Tuareg rebels launched a major offensive against Mali's security forces and military in a bid to seize the northern town of Kidal on 6 February 2012. Some loyalist Tuareg fled to the city of Bamako, fearing reprisals after violent demonstrations in the first week of February. The Tuareg rebels had been bolstered by an influx of battle-hardened, well-armed fighters returning from the Libyan Civil War, to which they had traveled to fight for Muammar Gaddafi, the Libyan leader who was deposed and killed. On 8 February, the National Movement for the Liberation of Azawad (MNLA) seized the Mali-Algeria border town of Tinzaouaten as Malian soldiers crossed into Algeria. Islamist militant group Ansar Dine demanded the imposition of Islamic law in northern Mali, while the secular Tuareg nationalist Azawad National Liberation Movement (MNLA) have stated they want an autonomous, if not completely independent, homeland.

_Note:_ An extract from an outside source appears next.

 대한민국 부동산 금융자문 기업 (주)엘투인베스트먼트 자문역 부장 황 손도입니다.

The coup attempt followed weeks of protests of the government's handling of a nomad-led rebellion in the country's north, which had dropped Touré's popularity to "a new low". Soldiers demanded more weapons and resources for their campaign against the rebels, and were dissatisfied with a lack of government support for the army, some soldiers having been sent to the front without sufficient food. Touré was to leave office when his term expired after the presidential election in April.

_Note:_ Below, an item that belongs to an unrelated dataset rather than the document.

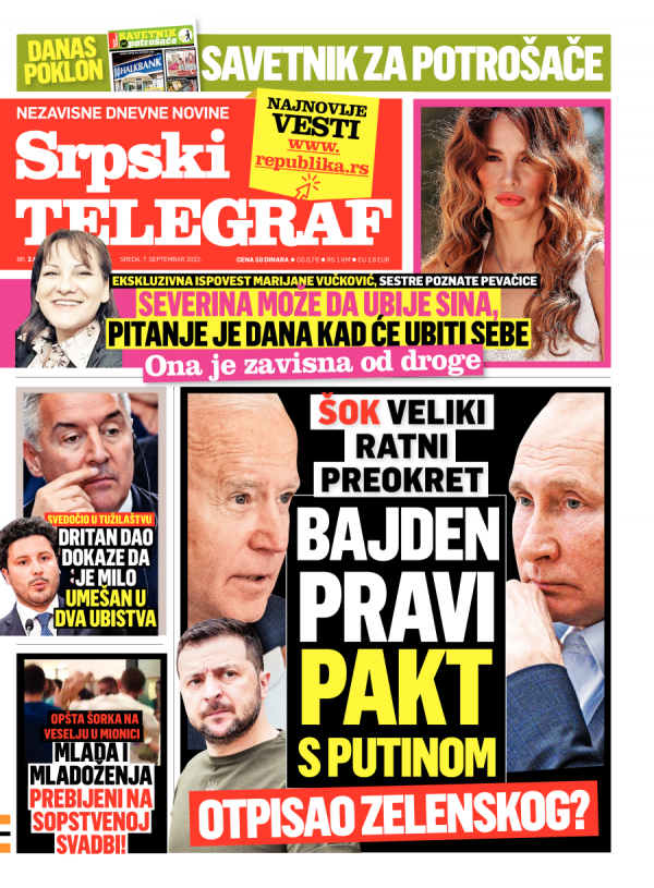 Naslovna strana Srpskog telegrafa za 07.09.2022.

Factors that led to the coup:
- Bamako always had difficulty controlling the north of the country, a territory that had been disputed by the MNLA and its precursor groups since the 1960s.
- Mali was going through a security crisis as AQIM members flooded in from Algeria and other neighboring countries.
- Mali was going through a harsh food crisis that led to displaced populations, refugee camps, and starving women and children.

==Timeline==

===Early events===

====21 March====
On 21 March, defence minister Brigadier General Sadio Gassama went to the Kati military camp, 15 km north of Bamako, to defuse a protest planned for the next day by soldiers of the camp against perceived bad management of the conflict with the Tuareg rebellion in the north of Mali. He was met with boos and stones were thrown at his car. He was sequestered, and his guards fired warning shots in the air. The minister was released thanks to the intervention of the Kati zone commander ("commandant de zone"). The soldiers then stormed the weapons and ammunition reserves of the camp. Two soldiers were injured, but the presidency said Gassama was neither injured nor arrested.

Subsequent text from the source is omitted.